* **Dataset extract**
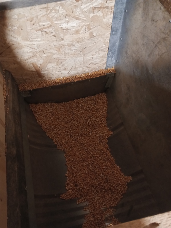 Закром для зерна в кормоцехе из 200-х л бочек, разрезанных вдоль и весь закром из 3-х бочек , на 3 отсека. Кг 250+каждый таскать полупустой прицеп так себе мысля. А насыпать все в одну кучу, тоже не вариант. Рецептуру соблюдать надо yes3 и возить мне со склада 350 м от дома
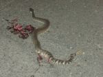 OH - forgot... at the end of the evening, on the way out of the parking lot, Bono accidentally ran over an adult rattler. It was trying to get away after being smashed by his big tires, but it couldn't really get going after having the lower half of it's body crushed (and a good portion of it's guts slung out on the road).
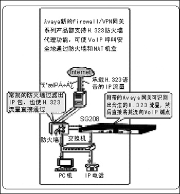 通常情況下,使用網(wǎng)絡(luò)地址解析(NAT)技術(shù),H.323流量都不能順利地通過防火墻或路由器設(shè)備。NAT利用掩碼將用戶的IP地址隱藏到了路由器中,用戶不得不向公共防火墻開放端口,以允許VoIP流量(如IP電話呼叫、微軟的網(wǎng)絡(luò)會議等)進入到企業(yè)內(nèi)部。而Avaya宣稱,這種新的H.323應用代理能識別通過NAT設(shè)備的IP和H.323地址,自動打開和關(guān)閉防火墻端口(不需要管理),使IP呼叫流量能安全地通過,不會給網(wǎng)絡(luò)留下漏洞。
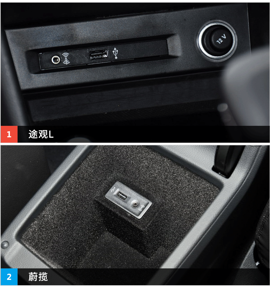 途观L把前排USB和AUX接口都布置在了中控台下方,使用相对更加便利,而蔚揽则布置在了中央扶手箱里面。

* **Work item**
Skip every picture and return the lines above from the top through the one that contains "OH - forgot...".

* **Problem solution**
 Закром для зерна в кормоцехе из 200-х л бочек, разрезанных вдоль и весь закром из 3-х бочек , на 3 отсека. Кг 250+каждый таскать полупустой прицеп так себе мысля. А насыпать все в одну кучу, тоже не вариант. Рецептуру соблюдать надо yes3 и возить мне со склада 350 м от дома
 OH - forgot... at the end of the evening, on the way out of the parking lot, Bono accidentally ran over an adult rattler. It was trying to get away after being smashed by his big tires, but it couldn't really get going after having the lower half of it's body crushed (and a good portion of it's guts slung out on the road).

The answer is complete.